Nor have I failed to reveal their ignorance; for, however much they think to keep clear of error in one form, they slide into it in another.
They have not supposed stocks and stones to be images of the gods, like the Greeks; nor ibises and ichneumons, like the Egyptians; but fire and water, as philosophers. Berosus, in the third book of his Chaldaics, shows that it was after many successive periods of years that men worshipped images of human shape, this practice being introduced by Artaxerxes, the son of Darius, and father of Ochus, who first set up the image of Aphrodite Anaitis at Babylon and Susa; and Ecbatana set the example of worshipping it to the Persians; the Bactrians, to Damascus and Sardis.

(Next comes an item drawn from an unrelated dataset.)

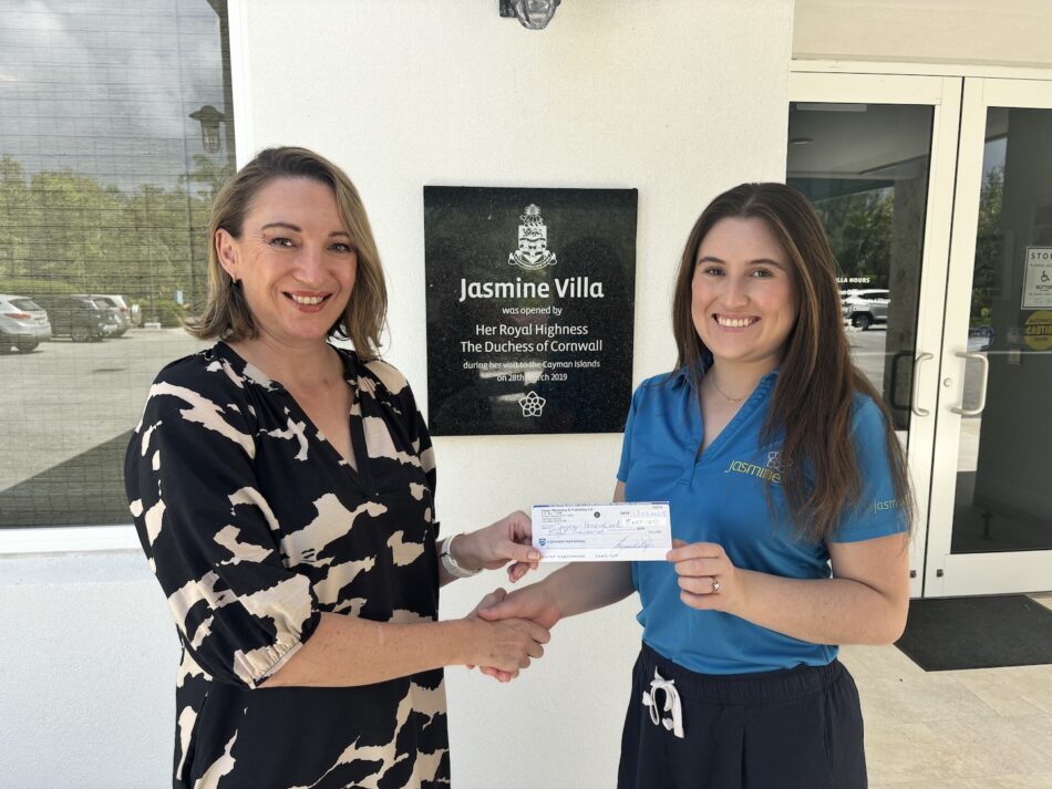 Laura Larner (left), wife of the late Derek Larner, presenting a cheque of $8000 to Stef Prieto (right), Fundraising and Events Assistant at Jasmine.

Let the philosophers, then, own as their teachers the Persians, or the Sauromatæ, or the Magi, from whom they have learned the impious doctrine of regarding as divine certain first principles, being ignorant of the great First Cause, the Maker of all things, and Creator of those very first principles, the unbeginning God, but reverencing "these weak and beggarly elements," [920] as the apostle says, which were made for the service of man. And of the rest of the philosophers who, passing over the elements, have eagerly sought after something higher and nobler, some have discanted on the Infinite, of whom were Anaximander of Miletus, Anaxagoras of Clazomenæ, and the Athenian Archelaus, both of whom set Mind (nous) above Infinity; while the Milesian Leucippus and the Chian Metrodorus apparently inculcated two first principles -- fulness and vacuity. Democritus of Abdera, while accepting these two, added to them images ei dola; while Alcmæon of Crotona supposed the stars to be gods, and endowed with life (I will not keep silence as to their effrontery). Xenocrates of Chalcedon indicates that the planets are seven gods, and that the universe, composed of all these, is an eighth. Nor will I pass over those of the Porch, who say that the Divinity pervades all matter, even the vilest, and thus clumsily disgrace philosophy. Nor do I think will it be taken ill, having reached this point, to advert to the Peripatetics. The father of this sect, not knowing the Father of all things, thinks that He who is called the Highest is the soul of the universe; that is, he supposes the soul of the world to be God, and so is pierced by his own sword. For by first limiting the sphere of Providence to the orbit of the moon, and then by supposing the universe to be God, he confutes himself, inasmuch as he teaches that that which is without God is God. And that Eresian Theophrastus, the pupil of Aristotle, conjectures at one time heaven, and at another spirit, to be God. Epicurus alone I shall gladly forget, who carries impiety to its full length, and thinks that God takes no charge of the world. What, moreover, of Heraclides of Pontus? He is dragged everywhere to the images -- the eidola -- of Democritus.